PMCID: PMC4377007 PMID: 25652236

Abstract

Background

DAVID is the most popular tool for interpreting large lists of gene/proteins classically produced in high-throughput experiments. However, the use of DAVID website becomes difficult when analyzing multiple gene lists, for it does not provide an adequate visualization tool to show/compare multiple enrichment results in a concise and informative manner.

Result

We implemented a new R-based graphical tool, BACA (Bubble chArt to Compare Annotations), which uses the DAVID web service for cross-comparing enrichment analysis results derived from multiple large gene lists. BACA is implemented in R and is freely available at the CRAN repository (http://cran.r-project.org/web/packages/BACA/).

Conclusion

The package BACA allows R users to combine multiple annotation charts into one output graph by passing DAVID website.

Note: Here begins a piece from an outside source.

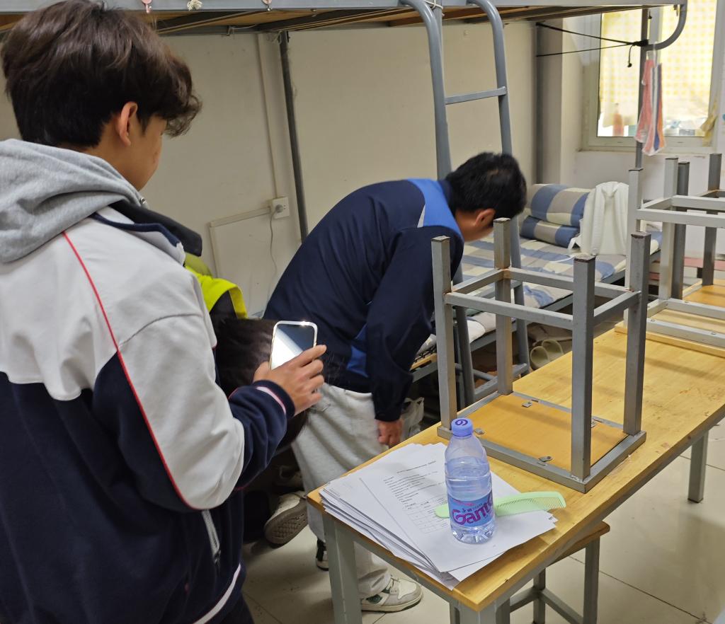 检查过程中,检查组深入各栋学生宿舍楼,逐层逐间细致排查,重点聚焦四大类核心隐患。用电安全方面,严查违规使用大功率电器、私拉乱接电线、插座串联、“人走未断电”及使用伪劣破损电器等行为,仔细核查电线、插座老化情况,防范用电火灾风险。消防安全方面,检查宿舍及公共区域消防设施完好有效性,查看灭火器、应急照明、疏散指示标志是否齐全可用,排查疏散通道、安全出口畅通情况,清理宿舍内易燃杂物。违禁物品方面,全面清查易燃易爆物品、管制刀具等危险物品,从源头防范安全事故。同时,检查组还检查了宿舍内务卫生、物品摆放及违规留宿等情况,引导学生养成文明健康的生活习惯。

Electronic supplementary material

The online version of this article (doi:10.1186/s12859-015-0477-4) contains supplementary material, which is available to authorized users.

Keywords: Enrichment analysis, Visualize enrichment results, R package

Background

High-throughput technologies, such as microarrays and RNA-sequencing, typically produce long lists of differentially expressed genes or transcripts, which are interpreted using functional annotation tools. One of the most used functional annotation program is DAVID [1,2]. The DAVID Bioinformatics Resources [1,2] at http://david.abcc.ncifcrf.gov provides an integrated biological knowledgebase and analytic tools to help users quickly find significantly represented biological themes (e.g. gene ontologies or pathways) in lists of pre-selected genes. DAVID functional annotation tool typically compiles biological terms enriched (overrepresented) in a list of up- or down-regulated genes, for instance from a transcriptomics experiment, in tabular format, which might be difficult to understand when comparing multiple experimental conditions (e.g. treatments, disease states, etc.). Several tools are available to visually compare the results from multiple enrichment analysis, such as GOBar [3], Go-Mapper [4], high-throughput GoMiner [5], the GOEAST [6] and REViGO [7]. These are specific tools that focus more on the integration than the visualization aspect.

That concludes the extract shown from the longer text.